I was puzzled why the 60-hertz scrolling image looks visibly blurrier than the 120-hertz one. If you pay really, really close attention you might just
barely see the 60-hertz image moving in a slightly less smooth manner than the 120-hertz one, but this effect is very hard to notice. The
major difference between them is the clear difference in blurriness. If they were randomized, it would be very hard to tell which one updates at 120Hz and which one at 60Hz by looking at the smoothness of the motion, but it's extremely obvious by looking at the blurriness.
But why does it look blurrier? I don't think the web page itself blurs the image.
Thinking about it for a while, I think I figured out the reason: It's probably mostly caused by pixel response time.
Pixel response time is the average time that it takes a pixel to change color. This display is categorized as having a 4ms pixel response time. I wouldn't be surprised if in a 1ms display the 60Hz image would look much sharper.
So, what I'm thinking is that in the 60Hz scroll, the picture makes bigger jumps. Due to pixel response time, the image remains visible both in its previous position and its new position at the same time, for a little while. It may be just like a millisecond or two that they are visible at both positions, but still enough to notice.

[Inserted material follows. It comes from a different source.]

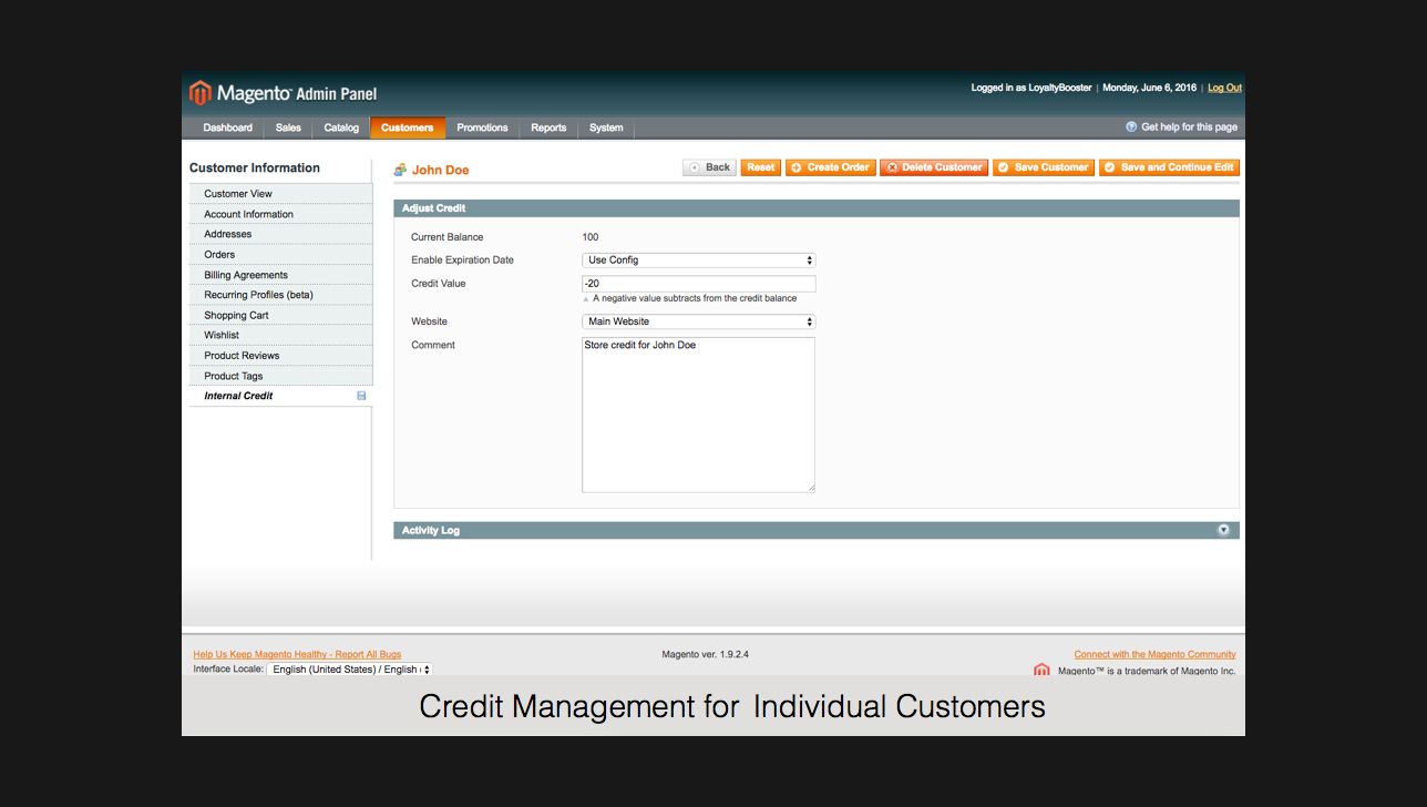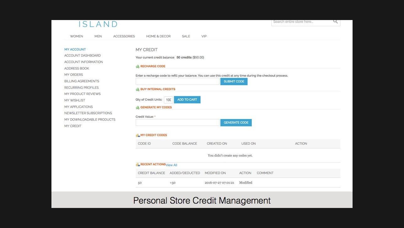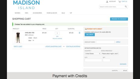 With this Magento extension you can easily add an Internal Credit payment method, effectively manage your customers’ credit funds, reward customers for special actions, set an expiration period for credits and track all credit activity with one report.

In the 120Hz scroll the pictures are of course also visible at two positions at a time for a millisecond or two, but the difference is that the distance between these two images is half of that of 60Hz. That's why the 60Hz version looks blurrier: The image copies are farther apart from each other, making the result look blurrier than in the 120Hz version, where they are closer together.
One way to test this theory would be, as mentioned, test with a 1ms display (which has otherwise the same resolution and dimensions). I don't have one, though.